丽贝卡·哈丁·戴维斯在钢铁厂的生活分析

铁厂里的生活威尔士厂工人和原始艺术家Hugh Wolfe的狡猾生活,枯萎的愿望和潜力的一个令人担忧的,这是一个强有力的工业资本主义和美国现实主义初始阶段的强大起诉书。However, for all its evocative documentation of the dismal, polluted mills of Wheeling (in what is now West Virginia) and the spiritual degradation of generations of laborers, Rebecca Harding Davis’s story derives much of its continuing poetic impact from its deployment of allegorical strategies perfected by older contemporary American writers: emblematic characters representing clearly demarcated social functions and spiritual conditions, ambiguous and often ironic deployment of Christian scripture, and objects that emerge from their ostensibly realistic contexts to acquire the status of complex moral, aesthetic, and spiritual symbols.

故事的主人公是一位身份不明的叙述者,他对工人们的日常生活和一生的苦难非常熟悉:“即使是制造业城镇的居民,也没有多少人知道管理工人身体的庞大机械系统”(909)。叙述者所展现的亲密知识是以一种同情的方式来表达的,这将他/她与那些想要成为改革者的人区别开来,那些人“与那些卑鄙的、受邪恶迫害的工人们在一起时,“怀着对基督的仁爱之心,但出来后却变得愤怒、强硬”(907)。这种亲密的了解和同情表现在工人们说话的方式上,这种方式被准确而敏感地复制,而没有任何讽刺和嘲笑的意图。少数工人阶级的语言扭曲——扭曲和严重缩短的发音,把圣母玛利亚变成了“Vargent”(907)——被复制为一个索引,为中产阶级读者,阻碍他们与他人交流的能力,例如生病的,沮丧的休和他身体畸形的表弟黛博拉。

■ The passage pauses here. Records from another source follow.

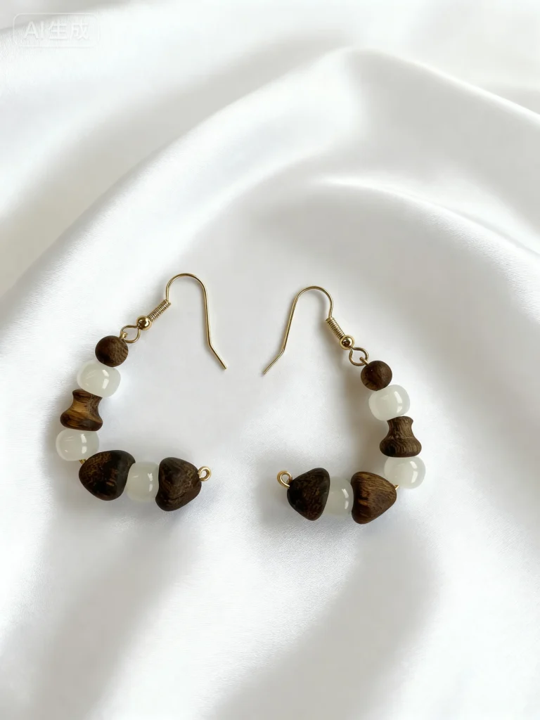 Kynam 0.5cm Oud Beads Necklace+Crystals-Ink Wash Painting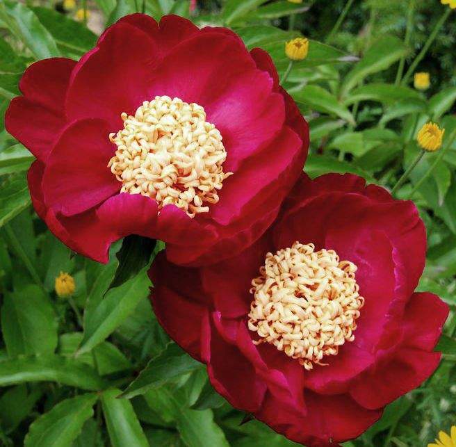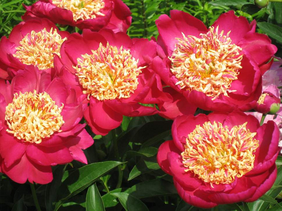 Саженцы пионов Сворд Денс (Sword Dance) - это эффектный сорт с цветками броской окраски. Период цветения приходится на июнь, июль. Цвет карминно-красный. Они состоят из 5-12 лепестков. Лепестки широкие, блестящие, расположены в 1 ряд. На ярком солнце выгорают. Поэтому высаживать саженцы пионов Сворд Денс стоит в частично затененные места. Цветоносы прямостоячие, тонкие, но прочные. Высота кустарника достигает 70-90 см. Куст компактный, не разваливается. Универсальный срезочный сорт, который также подходит для оформления различных цветников и бордюров.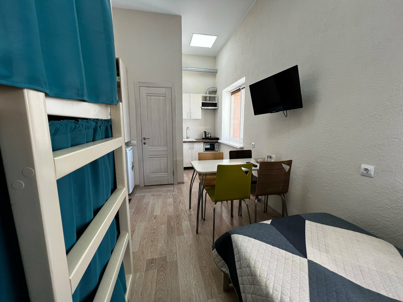 Были 5 дней. Отель понравился. Чисто, для проживания есть всё необходимое: кухня,посуда, удобная кровать и диван, телевизор, холодильник, фен, чайник, микроволновка. Внизу отеля находится пятёрочка. Приветливый персонал. Плюсов можно написать ещё кучу… А вот из минусов-сами выносили мусор, просили чистые мешки и хотелось бы каждый день, чтобы клали одноразовый гель для душа и шампунь. Интернет не работает… Рекомендуем всем этот гостеприимный отель!!!!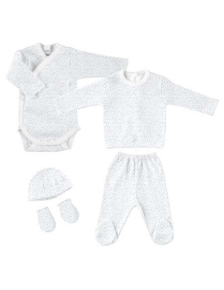 Complementos de regalo SET REGALO 100% ALGODÓN ESTAMPADO 0-6 MESES DUFFI 0967 DUFFI DUF0967 5 PIEZAS: CHAQUETITA, GORRO, POLAINA, BABERO, MANOPLAS View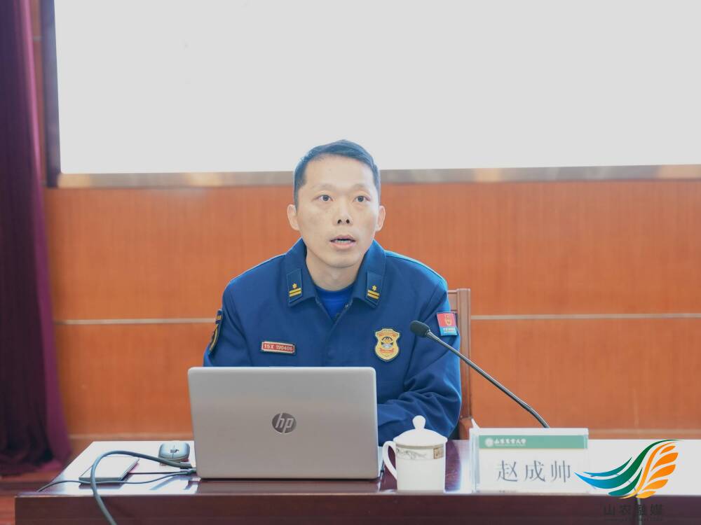 会上,泰安市消防支队赵成帅围绕高等学校消防安全责任及落实作主题报告,着重介绍了法定工作职责与法律责任、消防安全管理与具体落实、重点场所排查与闭环治理、灭火疏散演练与组织实施等方面的内容。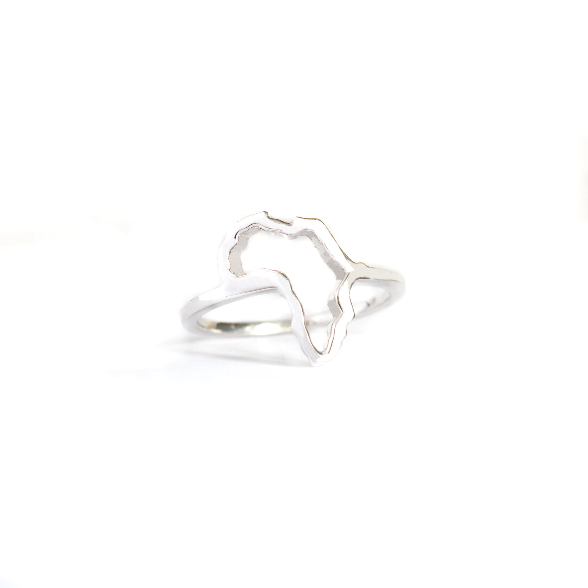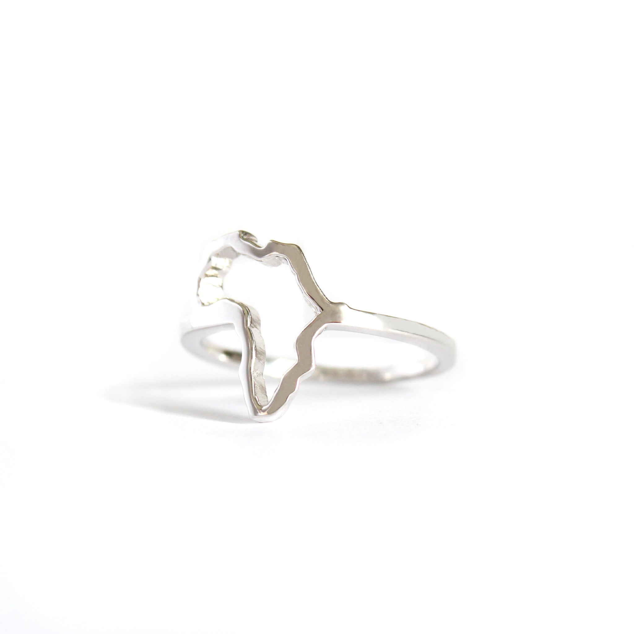 White Gold Africa Map Outline Ring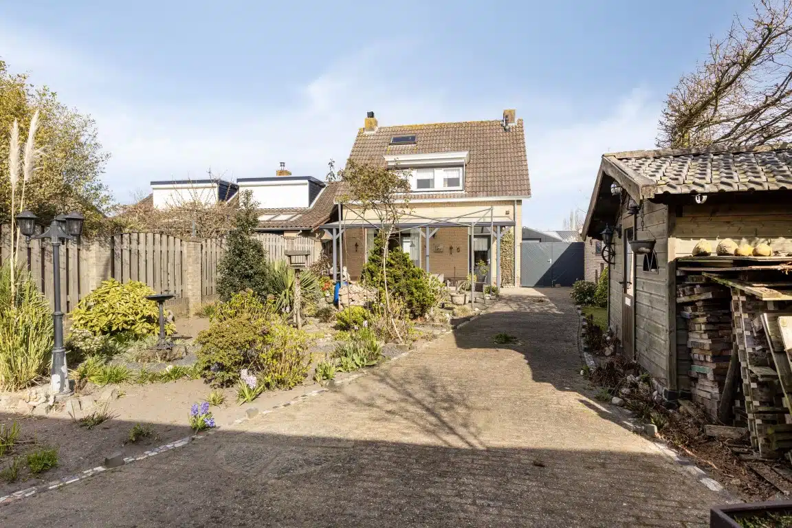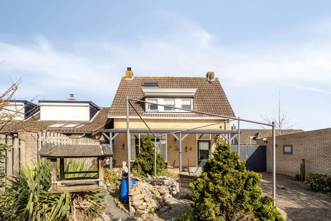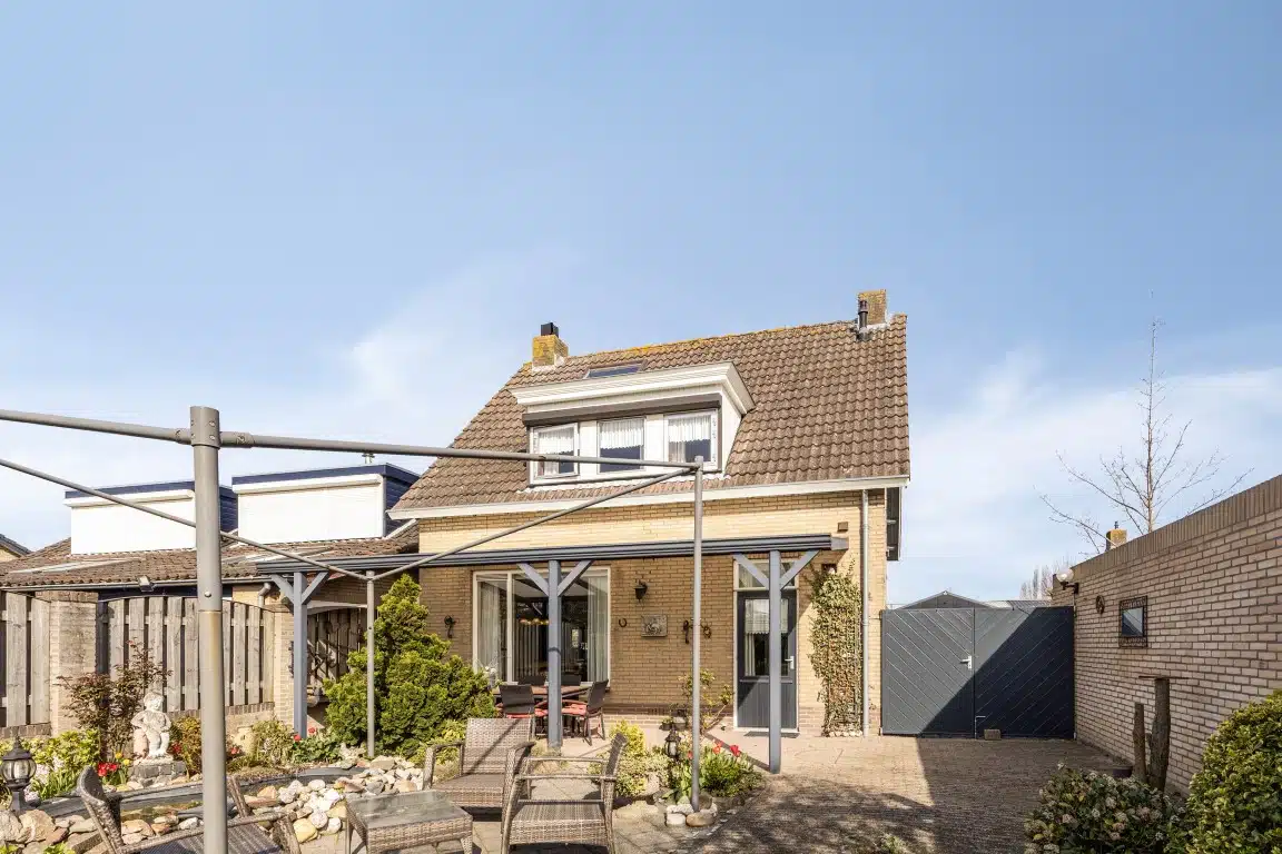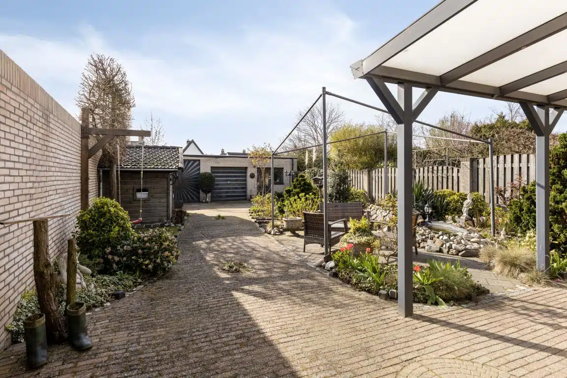 Aan de achterzijde van de woning is een fraaie overkapping gerealiseerd. De achtertuin ligt op het Westen en beschikt over de grote garage met een berging ernaast.

书的开头几段描述了“一座炼铁厂之城”(904)——这个短语暗示了其社会结构和经济基础的坚韧不拔的本性。“被挫败的阳光”永恒的阴郁拥有一种引力,任何事物都没有足够的动力来抵挡:“天空在黎明前下沉,浑浊,静止”(904,906)。形容词和副词的气氛-肮脏的、阴沉的、黏糊糊的、肮脏的、油腻的、臭气熏天的、迟钝的、迟钝的、疲倦的(905)——类似于查尔斯·狄更斯和亨利·梅休所著的广为流传的英国城市贫民窟编年史伦敦劳动力伦敦穷人与戴维斯的故事在同一年出版)。同样,这些工厂也被描述为“令人绝望的不适和隐藏的犯罪”的地方,“一座火之城”,“液态金属火焰在曲折的溪流中翻滚”和“可怕的恶魔…”在红灯下像复仇的鬼魂”(910)。然而,描写“疲倦,愚蠢的吸引力在negro-like河盲目轴承负担日复一日”(905)清楚地标识了美国特有的政治背景的故事最初编写和阅读只是种族解放战争还激烈的争论在北方所谓的工资奴隶。然而,休的父亲据说已经在康沃尔的锡厂工作了半生,这一事实在资本主义下的劳动关系中确立了一种泛泛的、跨大西洋的连续性。这种延续性的概念可以通过对过去几代威尔士工人的一般性描述来更明确地表述,接着是“他们的复制品今天挤满了街道”(907)。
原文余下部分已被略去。